I find the big problem with automation is that the word "automation" is generally used as some sort of all-encompassing silver bullet keyword. Cold feet? Try automation! Lost your sense of smell? Try automation! The very word seems to imply some sort of panacea for all your testing aches and pains.
I've found that automation works best when it is solving specific problems, with a narrow scope and focus. A good problem or process to automate would be one where you want to build your program, copy it to a server, run some sanity tests against it, and then email you to tell you it's done. A bad problem to attempt to automate would be trying to run all unit, functional, and system tests on your build, across multiple operating systems, programming languages, and is extensible enough to withstand future changes in requirements. In my opinion, this type of program is too large in scope to be reliable. I'm sure there are people (or companies, rather) that have attempted and succeeded at such a project, but an automation project of that size needs its own separate QA team.

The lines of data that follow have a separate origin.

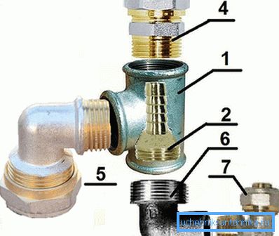 Najjednostavniji ejektor se može sastaviti na bazi tee i zadnjeg dima - ovi detalji će služiti kao Venturi cev u veoma pojednostavljenoj verziji. Oblikovani elementi za ejektor mogu se koristiti od različitih materijala (metal, plastika). U ovom slučaju, dizajn ejektora sastavlja se od mesinganog čepa i okova za metalne cijevi.
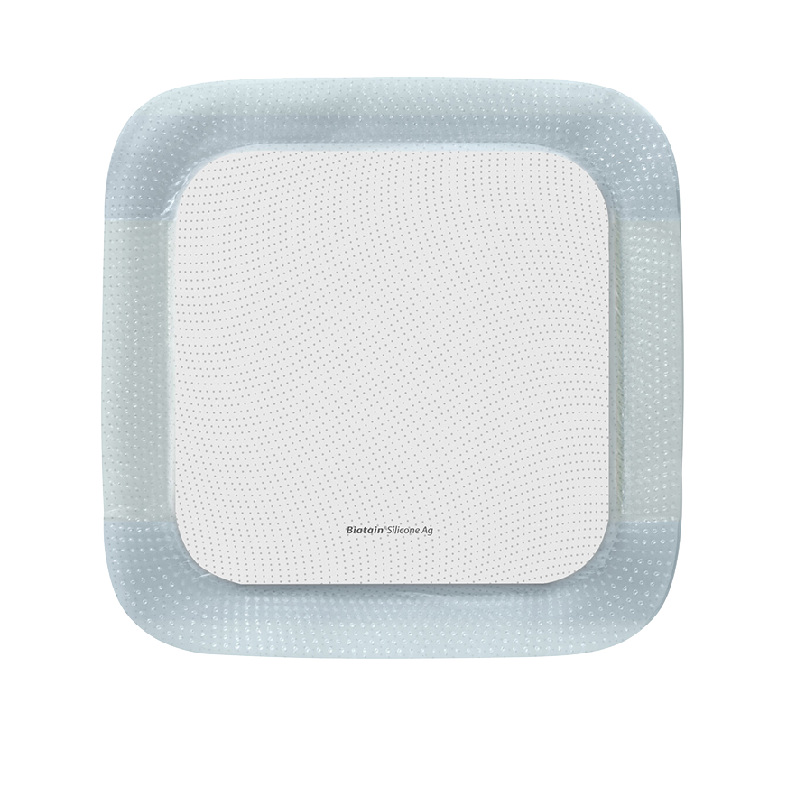 The silicone adhesive layer provides a secure fit to keep the dressing in place while ensuring minimal pain upon removal. The soft and flexible design of Biatain® Silicone Ag ensures a close fit to wound and body and the foam pad at skin level makes Biatain® Silicone Ag suitable to wear under compression.
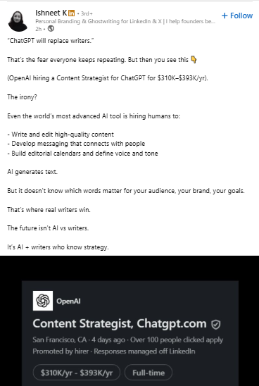 No wonder ChatGPT’s parent company OpenAI is hiring a human content strategist. This LinkedIn post from Ishneet K had me laughing:
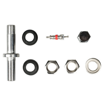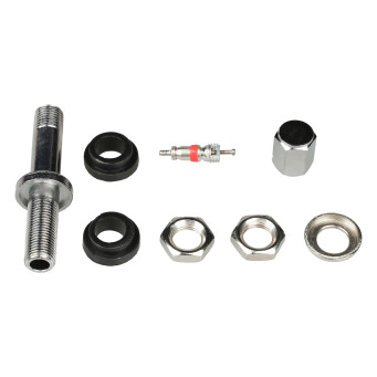 Колесный вентиль представляет собой обратный клапан. Он предназначен для нагнетания и удержания воздуха внутри шины. Корпус, золотник и колпачек выполнены из латуни, прокладка - из резины. Диаметр отверстия в диске - 11.5 мм. Рабочее давление - до 14 bar.
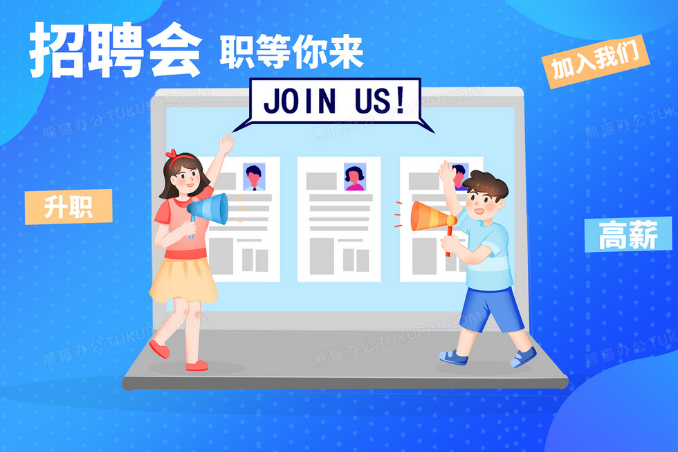 本作品内容为招聘宣传面试线上招聘插画, 格式为 psd, 大小28 MB, 请使用软件PhotoShop(CS6)打开, 源文件无水印, 欢迎使用熊猫办公。 如认为平台内容涉嫌侵权,可通过邮件:tousu@tukuppt.com提出书面通知,我们将及时处理。
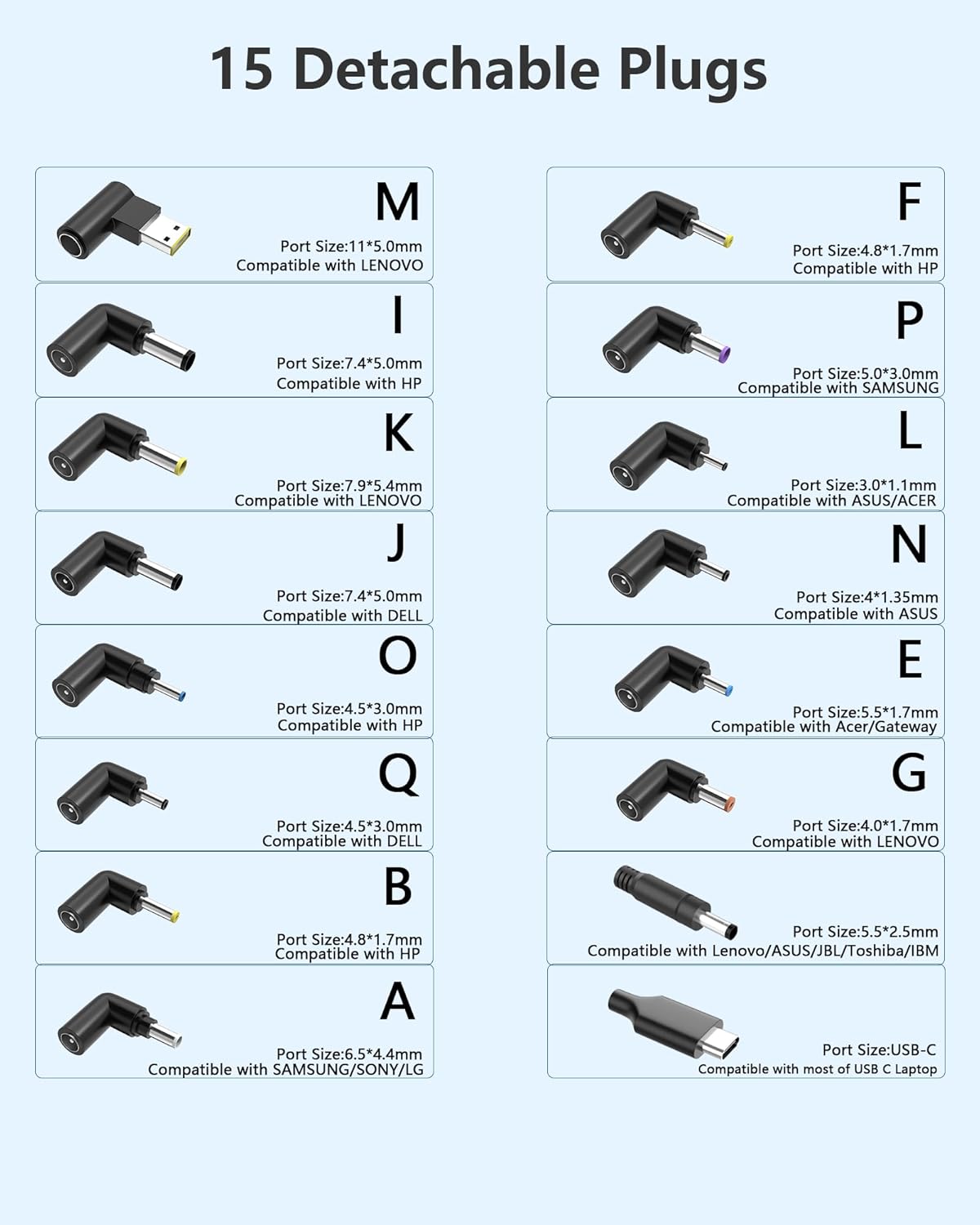 - 15-in-1 Connector Kit – Includes 15 interchangeable tips Compatible with Dell, Compatible with HP, Compatible with ASUS, Compatible with Lenovo, Compatible with Acer, Compatible with Toshiba, Compatible with Samsung, Compatible with LG, Compatible with IBM, Compatible with Gateway& more.

What I'm trying to get at is when testing complex systems, don't use even more complex systems. Complexity will by nature introduce errors into the system. Keeping your testing systems simple will reduce the amount of errors within your test system. Obviously there is some loss of functionality, which is why I'm a fan of stringing together multiple simple systems in order to do more complex automation, when necessary. Modularity in automation is the key to success.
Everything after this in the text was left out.